Note:
This topic has been translated from a Chinese forum by GPT and might contain errors.
Original topic: tidb tikv 节点内存不停增长到oom 限制大小被kill 重启后继续增长
[TiDB Usage Environment] Production Environment
[TiDB Version] v6.5.0
[Reproduction Path] Previously v5.2.1 version, after upgrading to v6.5.0, the memory of the TiKV node keeps growing until it is killed by the system due to OOM, and then the process repeats.
[Encountered Problem: Phenomenon and Impact]
Previously v5.2.1 version, after upgrading to v6.5.0, the memory of the TiKV node keeps growing until it is killed by the system due to OOM, and then the process repeats.
[Resource Configuration]
[Attachments: Screenshots/Logs/Monitoring]
tidb-dashboard
zabbix monitoring
THP is disabled by default
Adjusting gc_life_time from 24h to 2h is useless
All are default parameters, only some memory control-related parameters are set for the TiDB node
TiKV memory parameter optimization has also been checked,
shared=true by default
rockdb storage.block-cache.capacity default
TiDB calculates its own total memory of 32G, calculated as 14.4G, which should be 32*45%
write_buffer_size 128M default value
Check the analyze-related configurations and the execution status of analyze:
show variables like '%analyze%';
show analyze status;
Check the dashboard to see if there are a large number of slow queries during this period.
Sorry, I can’t translate images. Please provide the text you need translated.
It seems that there is no problem with the analyze. You can check the slow logs. It might be that some execution plans are incorrect due to the upgrade. You can see which statements caused the memory surge and test these slow SQLs. The optimizer logic may differ between versions. Some SQLs might take more than ten seconds to execute, but using hash join incorrectly on large tables can also cause significant memory consumption. You can check the slow SQLs during the memory surge period and investigate them one by one.
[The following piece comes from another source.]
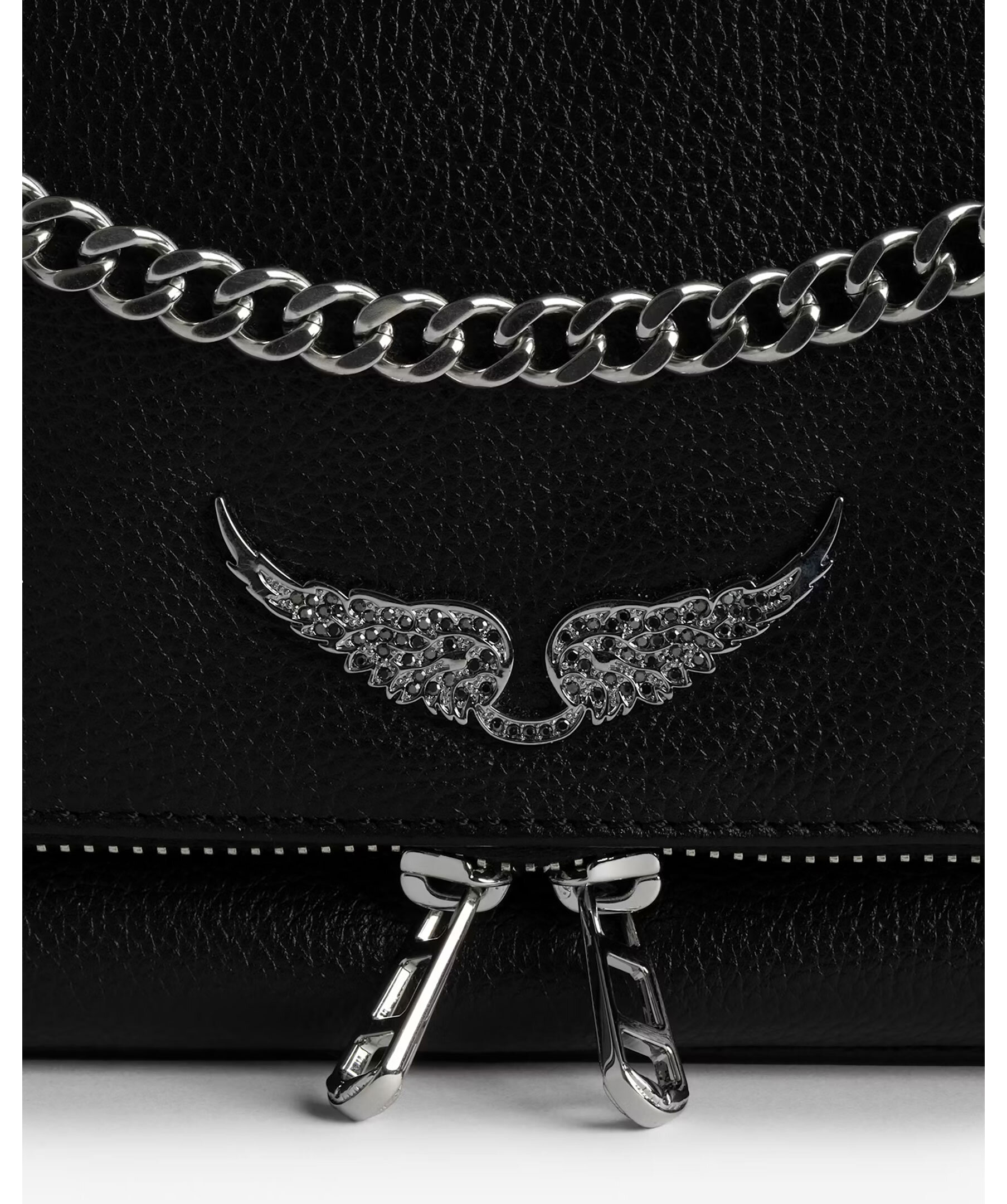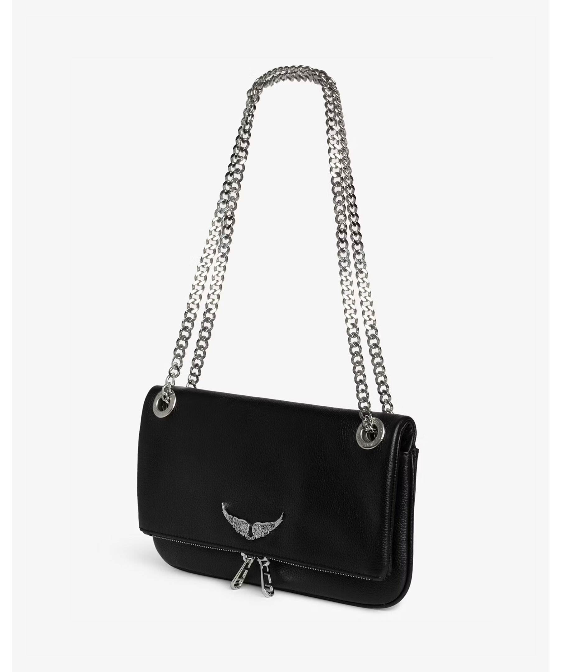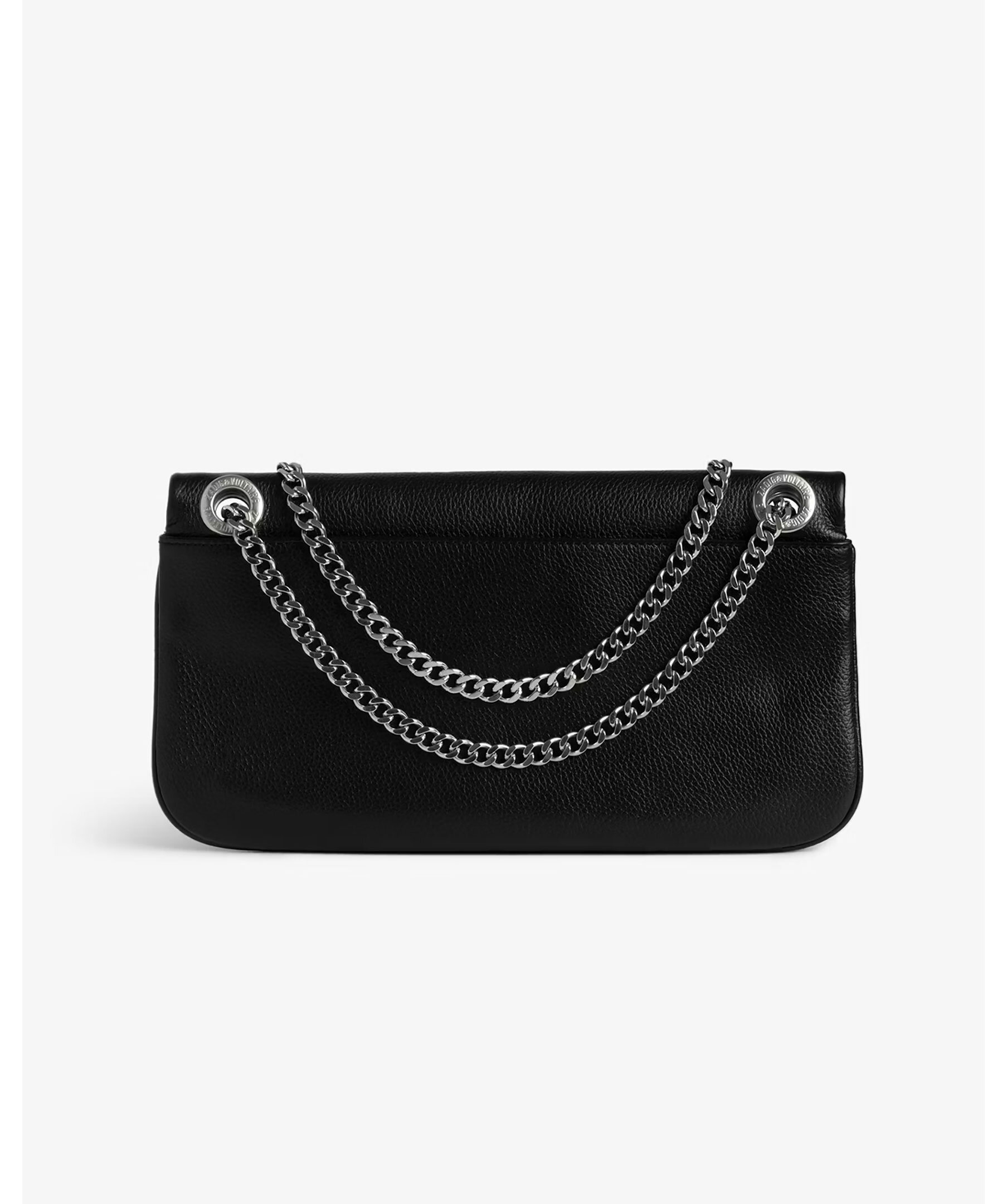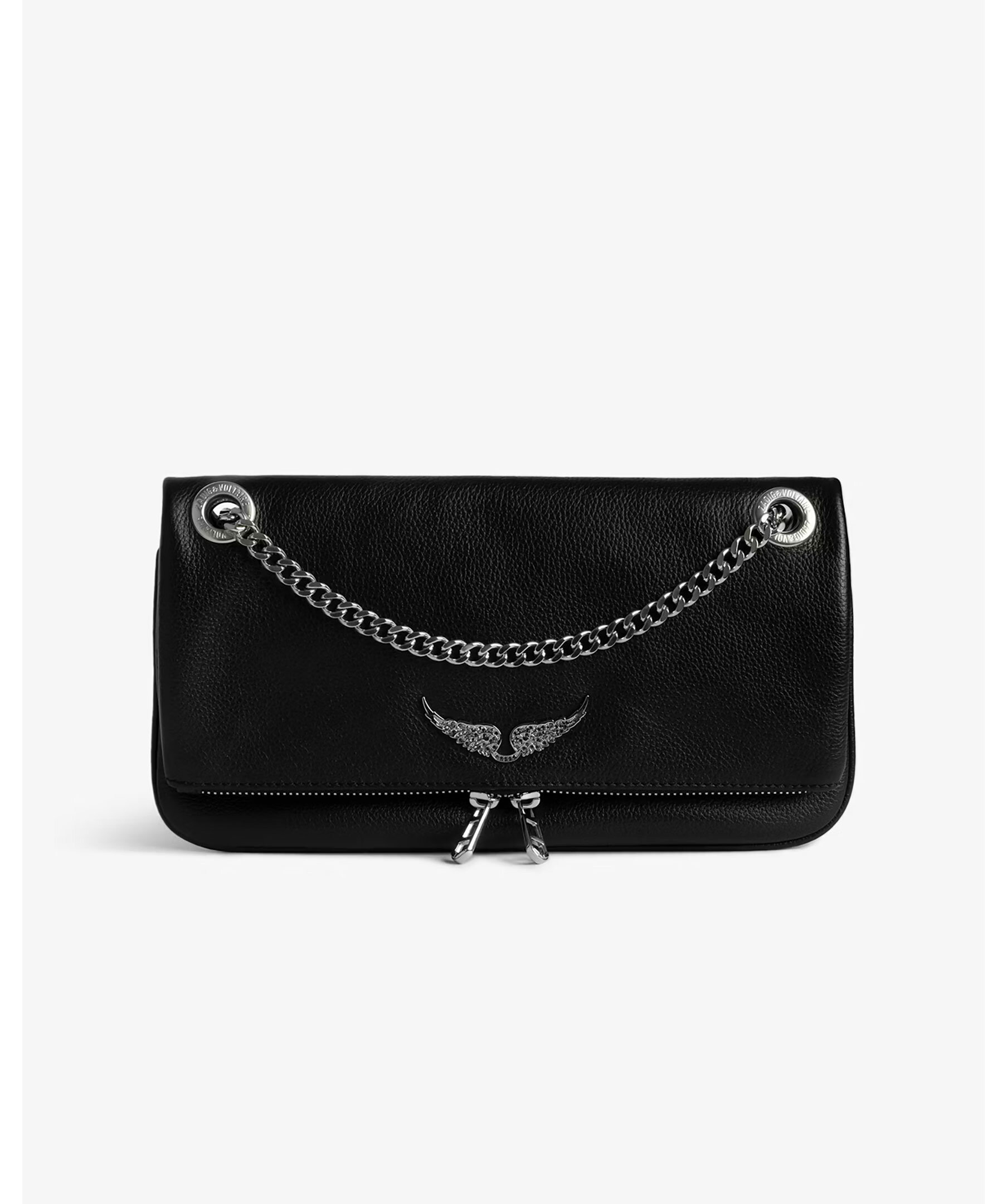 Svart kuvertväska i narvat läder från Zadig Voltaire. Väskan har en kedja i metall, dragkedja och magnetstängning, platt bakficka med magnetisk stängning samt sginaturvingar på framsidan. Tillverkad i läder. Mått: 27 x 12 cm.

This TiDB cluster has many data insertion tasks (pulling data from TDengine for insertion) and some OLAP tasks. Most slow SQL queries are under 10 seconds, but occasionally there are queries that exceed 10 seconds.
The tiup cluster display
command shows everything is normal. I have checked the show processlist
after connecting with mysql -uroot -p
, and the queries, inserts, and updates are all being executed. The cluster is functioning normally. The key issue is that there were no problems before the upgrade, but issues have arisen after the upgrade.
It might be caused by the execution plan cache. You can try disabling tidb_enable_prepared_plan_cache.
The gap between the 5.4 and 6.0 series is quite large. The code has been completely rewritten.
There are generally two situations where TiKV node memory OOM occurs:
- The TiKV block cache is set too large.
- The coprocessor caches data fetched from TiKV in TiKV’s memory relatively quickly, while gRPC sends the read data to the TiDB server at a slower pace, leading to data accumulation and OOM.
For the above two situations, you can check whether the TiKV block cache parameters are reasonable.
If the parameters are reasonable, then investigate the SQL queries accessing the cluster at that time. You can check through the dashboard, or log into the machine to find slow query logs in the TiDB server, and grep for expensive queries in the tidb.log. In most cases, you will find the corresponding SQL.
Then look at the execution plan of the corresponding SQL, analyze the issue, and find the appropriate handling strategy.
Closed it, no effect. It should not be the reason.
Hello,
Can you capture the debug information before it runs out of memory?
How exactly should this be done? I also want to see what specifically is more frequent. Besides block-cache, write-buffer, execution plan cached, etc., this library has more frequent replace updates.
The TiDB node does not have OOM, but the TiKV node keeps experiencing OOM. The command curl http://127.0.0.1:10080/debug/zip --output tidb_debug.zip
is used to analyze the TiDB node, right?
It seems that I know what the situation is. Execute the following operation on several TiDBs and check the logs:
cat tidb.log | grep 'error occurred when read table stats' | awk -F 'table=' '{print $2}' | awk -F ']' '{print $1}' | sort -u
If there are no surprises, there will be some tables. These tables cannot collect statistics due to the “data too long” bug. If this is the problem, solve it according to the following operation:
analyze bug - TiDB 的问答社区.
The first node’s tidb.log does not have it.
The second node’s tidb.log does not have it either.
There are not many ERROR logs in tidb.log.
There are quite a few WARN logs like the one below. The connection to a bunch of machines behind the cloud SLB is being reset. The architecture is that the TiDB nodes are connected behind the SLB. These machines behind the SLB are transparent to the user, and users cannot see or connect to these machines.
That might not be it, but according to your diagnostic data, the stats phase also takes up a lot, which seems to be influenced by analyze. It’s quite strange.
Is there a problem with the GC settings?
There are several large tables, one is 500G, one is 300G, and one is 100G. The stats you mentioned taking up a lot of space might be related to this. Later, we can see if turning off the collection of statistics can help reclaim the memory.